Sandoval (pictured) would have to wear his hat straight if nominated to the Supreme Court, but would not have to lose weight.

CARSON CITY, Nevada -- The Republican governor of Nevada stated that he would not accept President Obama's nomination to join the U.S. Supreme Court to replace the late Justice Antonin Scalia.

Mr. Obama's stated intent to nominate Brian Sandoval, which was stated not by Mr. Obama but by sockpuppets on NBC, was an obvious ruse to make Senate President Mitch McConnell look stupid for promising to shun any Obama nominee. Sen. McConnell proposed to wait for the next President, leaving in the hands of American voters whether the next Court would force women to carry pregnancies to term or instead to pay for foreigners' abortions.

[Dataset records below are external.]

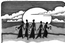
Five wise virgins brought oil for their lamps
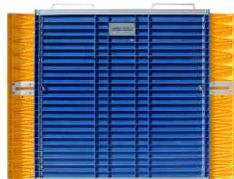
STANDARD BARRIER 30.7"-43.4"
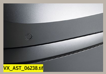
Rear parking distance sensor Activated as you select reverse. Beeps faster the closer you get to an obstruction.

Optional Flex bulkhead with fold-flat passenger seat extends maximum load floor length from 1.82 to 2.68 metres.
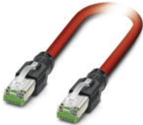
Sercos III patch cable, shielded, star quad, 22 AWG stranded (7-wire), RAL 3020 (traffic red), RJ45 connector/IP20, straight to RJ45 connector/IP20, straight, length: 4 m

Please be informed that the data shown in this PDF Document is generated from our Online Catalog. Please find the complete data in the user's documentation. Our General Terms of Use for Downloads are valid ( http://phoenixcontact.com/download )
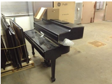
2 DIGITAL PIANOS (one is on top of the other)
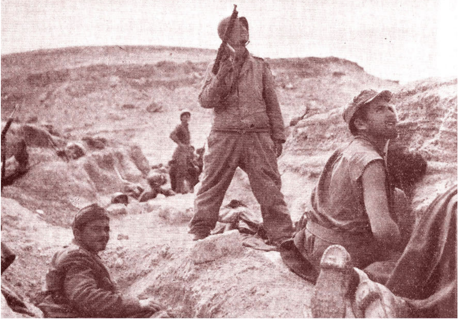
Italian prisoners frequently had to crouch in shallow ravines when their own planes came over. The American soldier with the tommy gun hopes that the plane will fly low enough to give him a fair shot
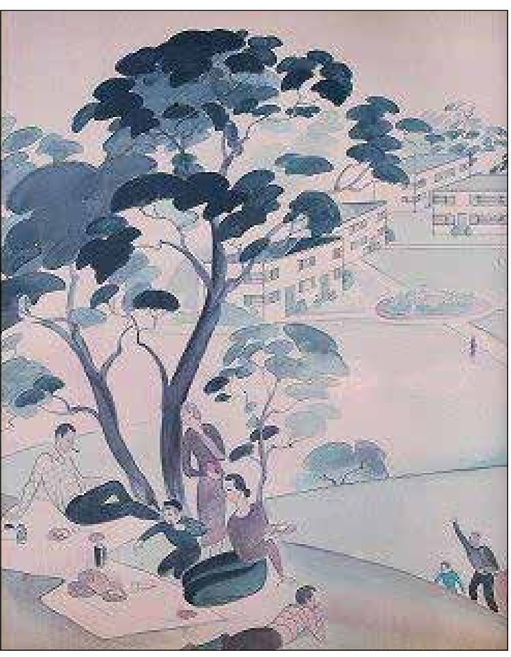
"Utopia" by government artist Aurelius Battaglia

This photograph of an artist's painting of the to-be-built lake is in the Library of Congress Greenbelt Project files.
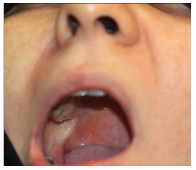
Figure 1: Facial, buccal, and palatal blanching after Gow-Gates injection

from greater palatine canal approach was used for obtaining profound anesthesia. Facial and palatal blanching occurred immediately after the injection,
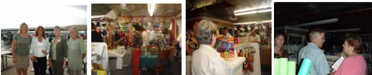
Jayhawk Marina -Joint Networking Event with Paola Chamber of Commerce (Networking in the dark!)
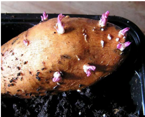
Picture of sweetpotato nodes
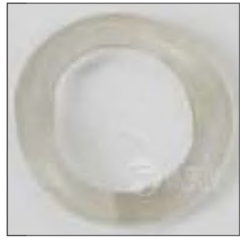
Seals for metal pipe
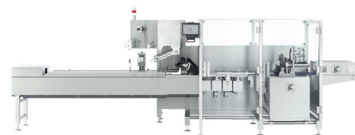
Flow Wrap Machines
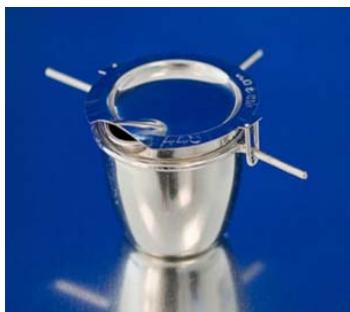
Fig. 2: Crucible for electrical fusion instrument with removable cover.
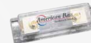
AB ANL FH
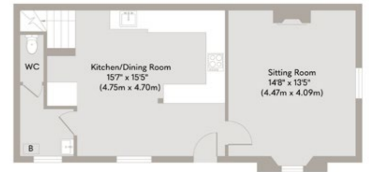
Ground Floor Approximate Floor Area 548 sq. ft (50.95 sq. m)

Whilst every attempt has been made to ensure the accuracy of the floor plan contained here, measurements of doors, windows, rooms and any other items are approximate and no responsibility is taken for any error, omission, or mis-statement. This plan is for illustrative purposes only and should be used as such by any prospective purchaser or tenant. The services, systems and appliances shown have not been tested and no guarantee as to their operability or efficiency can be given.
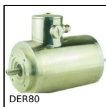
Stainless steel AC asynchronous motor 0.55 - 0.75kW, 0.55 to
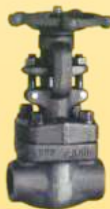
TSG Forged Gate

ANSI: 800, NACE Size: 3/8" through 2" A105*CR13 SS*RP
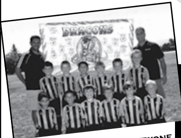
THE DRAGONS HOPE EVERYONE HAS A ROLLING GOOD TIME AT THE
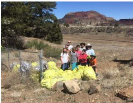
Temple in the Pines collect 29 bags of trash and recycling at Wildcat Reach in April 2016
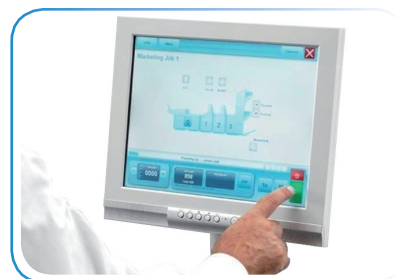
15" Color Touchscreen Interface

* Paper & envelope specifications may vary. All media must be tested.
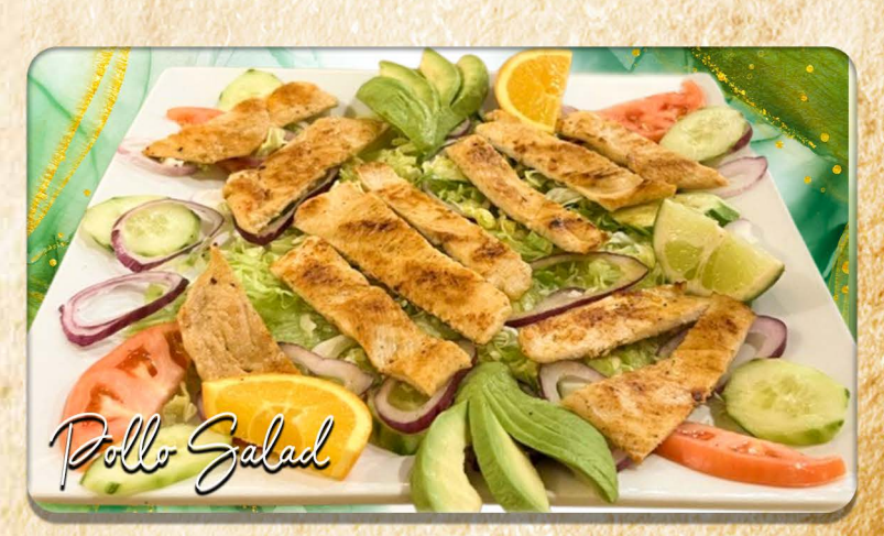
*Consuming eggs, raw or undercooking meats may increase your risk of foodborne illness specially if you have certain medical conditions.
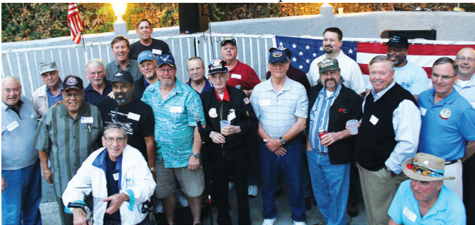
March 5, 2016 Norton AFB Loadmasters the "Stars Return to Norton" reunion

Several Senators were surprised at Sen. McConnell's sudden firmness after seven years of rolling over and waiting for Presidential tummy-rubs, and Sen. Susan Collins of Maine quickly broke ranks. "No hearings? Not even if Obama nominated a Republican?" she asked. Sen. McConnell and his Judiciary Committee chairman agreed to separate meetings with Mr. Obama to "discuss the issue" and hope the resulting blackmail is gentler than whatever the Chief Justice was told to make him rule that Obama-care was Constitutional.

Capital-area media were baffled at why Mr. Obama would nominate anyone other than a left-winger, such as Justice Jonathan Gruber, the technocrat who admitted he designed Obama-care in view of American stupidity, understating its costs by putting most of them somewhere other than the federal budget.

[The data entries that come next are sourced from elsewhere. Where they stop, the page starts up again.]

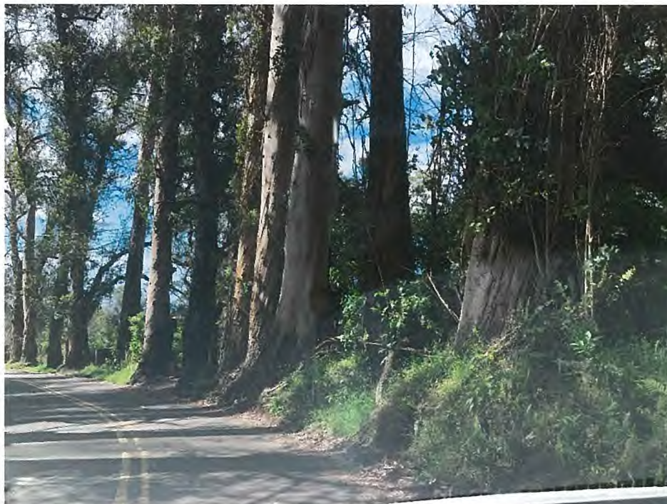
Photo taken, April 6, 2019, Olinda County road.

At the Upcountry budget district meeting on April 4 th , residents expressed concerns of the potential threat of fallen eucalyptus trees along Olinda Road. What would it cost to remove the eucalyptus trees along County's portion of Olinda Road? Does the department have any plans to address this concern? What is your schedule.
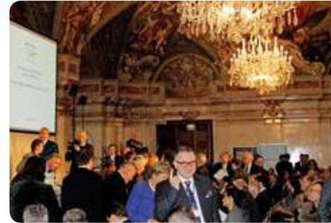
The conference hall ...
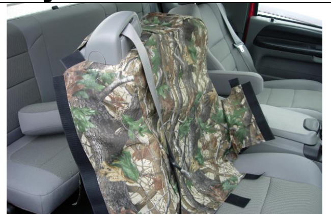
Step 2. Driver and Passenger Tops/DT & PT: The pieces of the seat cover are labeled inside. Use the "Seat Cover Piece Identification Chart" to identify the parts of your seat cover. Slide the seat cover on with the extending hook (sticky) Velcro™ to the front and tuck it behind the shoulder mounted seatbelt, and the armrest.
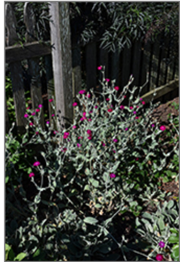
Rose Campion in bloom
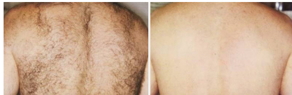
Before After 5 treatments

All photos are unretouched. Individual results may vary.
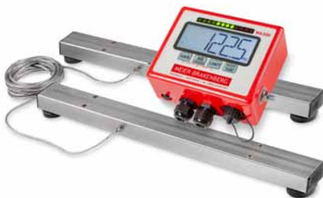
Balance beams from 100 cm in length can be shortened twice by 15 cm. Weighing beams up to 6 m long available on request.

To upgrade existing scales, we offer premium quality balance beams made of aluminium and stainless steel. The weighing electronics have an animal weighing program and the scale tares itself electronically. The weighing unit has waterproof load cells and is also protected against mice thanks to rodent resistant cables. Standard operation via mains adaptor can also be implemented with a battery.
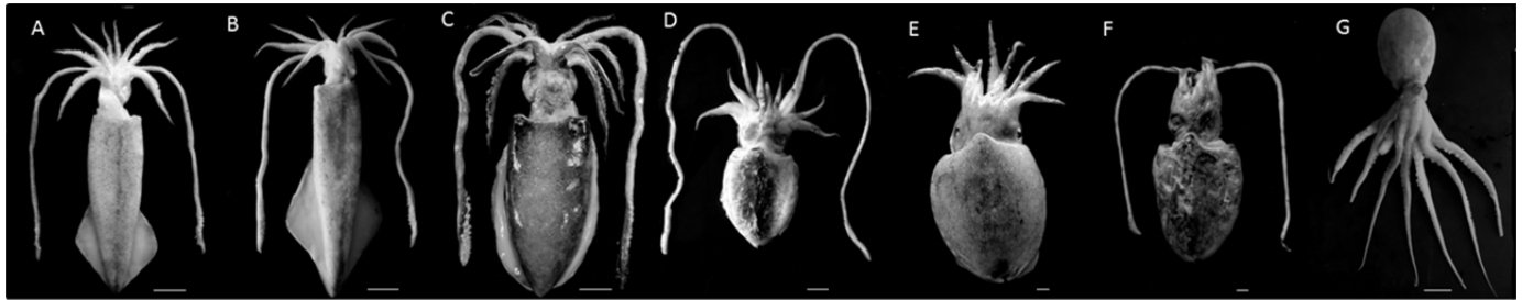
Fig 4. Species of cephalopod (A) U. (P.) edulis , (B) U. (P.) chinensis , (C) S. lessoniana , (D) S. recurvirostra , (E) S. inermis , (F) S. aculeata , and (G) C. indicus (scale bar 5 cm)
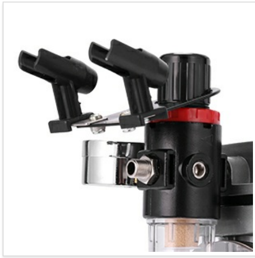
Close-up of the airbrush holder and pressure regulator with moisture trap.
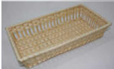
18-170 (240入) (15×28×5) (白竹スカシ細長) ¥290
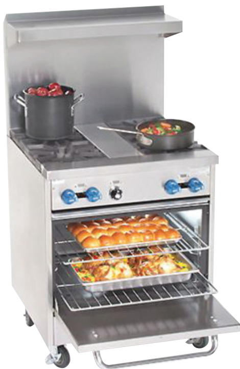
Model F326 (shown with extra rack & optional casters)
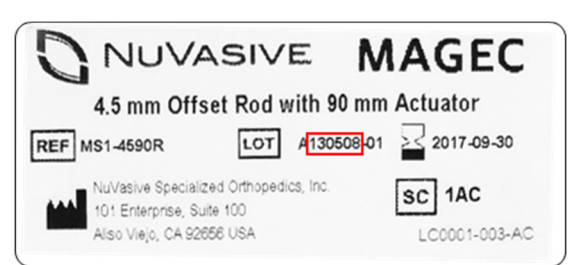
Figure 2: Representative patient chart label showing device lot number. The 6-digit numerical string (e.g. 130508) is indicated by the red box.

To determine the date of manufacture, identify the 6-digit numerical string within the lot number. The device lot number is provided on the label and/or recorded in the patient record. A representative patient chart label is shown in Figure 2.
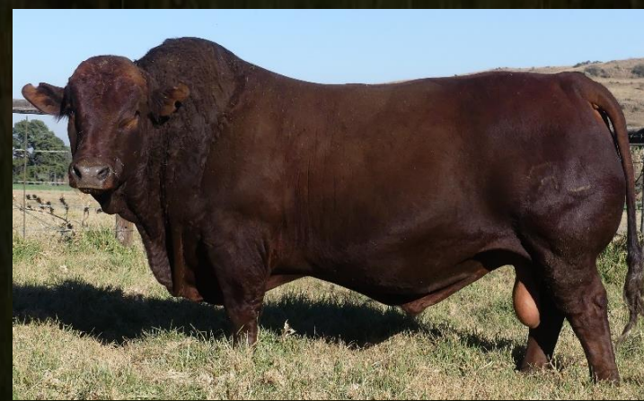
LAR18-041 (1 son on sale) SIRE: LAR14-173
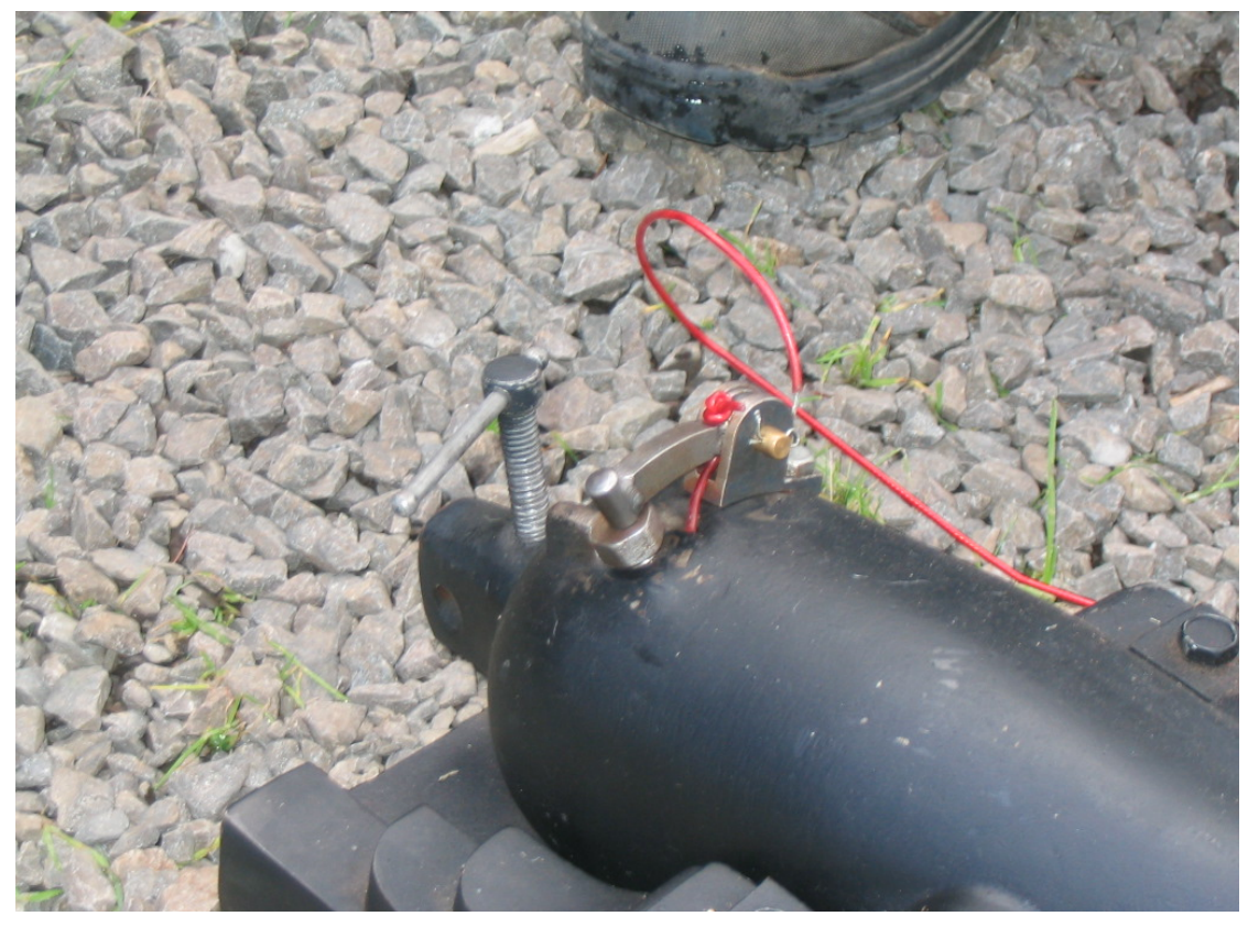
Photo 3. This photo shows a solid steel cannon in use at another of this employer's youth camps. This cannon is equipped with a 'slap hammer' for firing. Problems encountered with other firing methods, i.e., touchstick, fuse, loose powder, etc. are eliminated. The person firing the cannon typically stands 4-5 feet from the cannon and pulls a lanvard to set off a small cap-like primer charge in the cannon's touchhole.

The media concluded that Mr. Obama had meant Pablo Sandoval. The 290-pound baseball player, nicknamed "Kung Fu Panda," signed with the Boston Red Sox last year out of fear that the San Francisco Giants would put him on a diet. After a mediocre 2015, he arrived for spring training visibly fatter than when manager John Farrell had met with him a month earlier, an issue that $18 million per year evidently does not render negotiable. He is penciled in at third base despite the sheer impossibility that he could bend down to catch a ground ball.

Thus, the best career move for Sandoval is to become an Associate Justice of the Supreme Court, following the lead of President Taft, another "portly" man and himself a baseball fan, who first stood up in the seventh inning looking for another dozen cheese dogs, a move met by a wave of mass imitative obsequy that became the modern "seventh-inning stretch," fans happily not scratching their backsides as Mr. Taft had. The other Sandoval, meanwhile, graciously ignored the pre-emptive choruses of "hater" emanating from the Beltway and wrote the White House that he was humbled to be discussed but was already taking adequate crap in Nevada's capital.